Thanks everyone. He was broke - this past winter, had a few months of training - supposedly w/t/c and over some low rails, but then was taken to a hunter pace of all things, as his first "outing" in April. I have seen photos of him being ridden in the pace. He has very distinct markings (tobiano) and white chunks in his mane and tail. It was definitely him. After the pace, the then owner deemed him "too spooky" and he sat in a field, we believe pretty much unhandled except for feeding, until we saw him in July. When we saw him in July, he was fearful, headshy and incredibly hyper alert and spooky. He was afraid of bathing, terrified to go into a stall (for the vet's eye check where it was darker)

Has nothing to do with pulling reins as he was being led by my trainer when he bucked. All we tried was a pony ride basically. Could be saddle, or the movement of the saddle. We tried an English saddle that fit him pretty well. I do have a Western saddle we can try as that would not be as pinchy-prone. I love the sandbag idea. Tomorrow should be telling when the vet/chiro comes. I saw him today and he was nearly perfect on the ground. Zero issues.

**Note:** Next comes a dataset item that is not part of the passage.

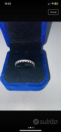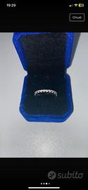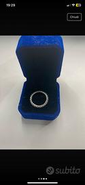 Splendido anello modello Eternity (veretta a giro completo), dal design estremamente sottile, raffinato e luminoso. Questo gioiello è caratterizzato da una fila continua di zirconi cubici di alta qualità, incastonati con cura per garantire una brillantezza eccezionale ad ogni movimento della mano. Perfetto per chi ama lo stile minimal ed elegante, ideale da indossare da solo o in "stacking" abbinato ad altri anelli. • Pietre: Zirconi taglio brillante (giro completo) • Design: Ultra-thin / Sottile e delicato • Colore: Argento / Silver • Misura: 15.3 mm • Condizioni: Pari al nuovo, mai usato.

It very well could be learned, a.e. buck = no work. But we do want to rule out pain first. I'll update after the chiro visit tomorrow.


----------



## BlueSpark (Feb 22, 2012)

> Im thinking find an old, heavy, western saddle and some one who can stick that beast and let the games begin


Its funny, I've been starting horses since I was 15. I discovered shortly, from riding peoples problem horses, that I could not ride out a bucking horse. Violent spooks, rears, the odd buck, quick turns, unexpected jumps, I could ride like I was glued to the saddle, but as soon as a horse really goes to bucking, off I come.

so I learned to deal with it in other ways. I checked saddle fit and the horses back. I learned proper groundwork so the horse was respectful and had no fear of the tack or rider(eliminates 99% of the buckers). I have had two horses that I started buck. 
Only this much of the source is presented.